LONDON (Commodity Online): In the current environment, Barclays believes aluminium can offer a good defensive position given that further price downside is likely limited by the proximity of prices to production costs.
“We estimate that at current prices of $2,250/t, as much as 25% of global production is losing money.” the report said.
Barclays is neutral on nickel fundamentals on the view that recent price weakness is overdone but that recovering production will ease market tightness progressively into 2012, while they view zinc as the weakest metal given that the market is expected to remain oversupplied for the next 12 months.
Base metals have suffered considerably over the past month, as the complex has moved quickly to price in downgrades to global growth.

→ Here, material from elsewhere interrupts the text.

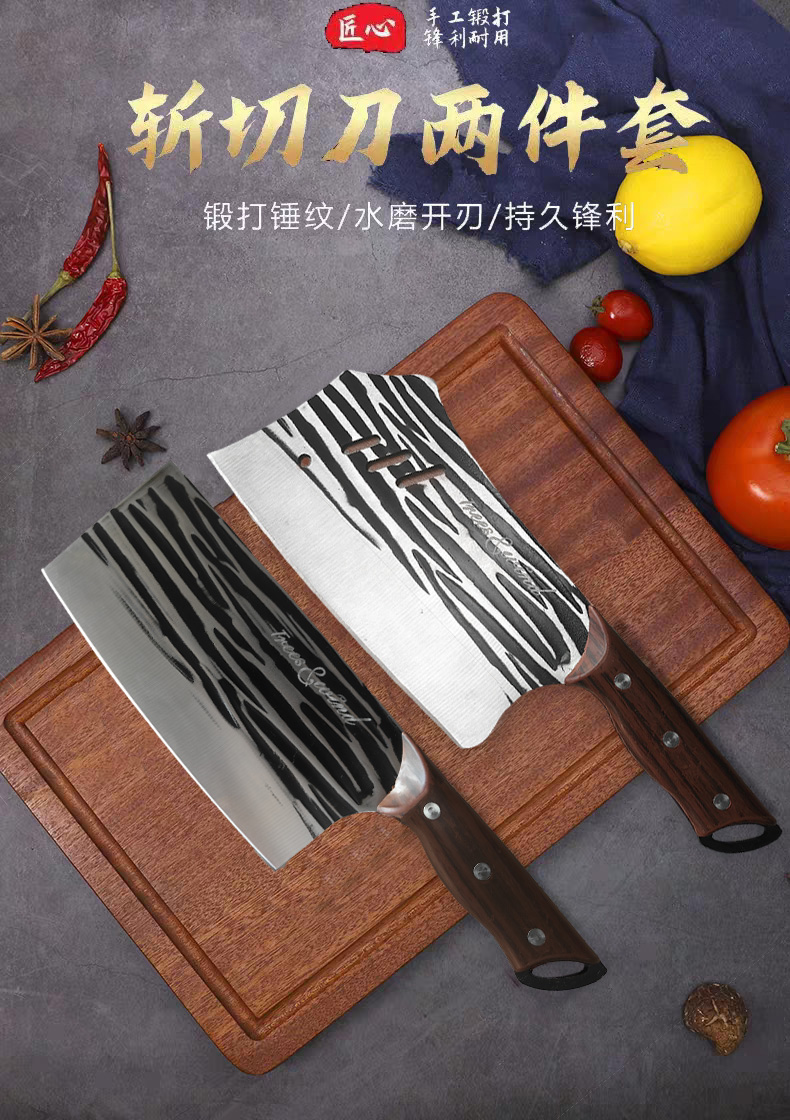 两刀在手🔪切菜砍骨统统不愁【Trees&wind锻打防木菜刀两件套T101)】锋利耐磨,省时省力,下厨效率翻

Given the ongoing uncertainties attached the euro area debt crisis, concerns remain of further growth downgrades, which continues to place pressure as well as volatility on price movements.
“However, we would temper the current degree of pessimism given that Chinese metal demand remains in healthy and supply-pipeline inventories are very thin globally, which provided the macro picture starts to brighten, should mean a price recovery is likely.” Barclays said.
While copper continues to possess the strongest fundamentals – mine supply disruptions combined with solid improvements in Chinese import demand are clearly supporting a market deficit – the distortions of flat price performance by whims in macro sentiment point towards time spreads as a lower risk approach to play the fundamentals.
Finally, lead prices should gain some support if there is a solid recovery Chinese battery sector activity in Q4, which should in turn nudge the overall market into deficit for that time period, the report concluded.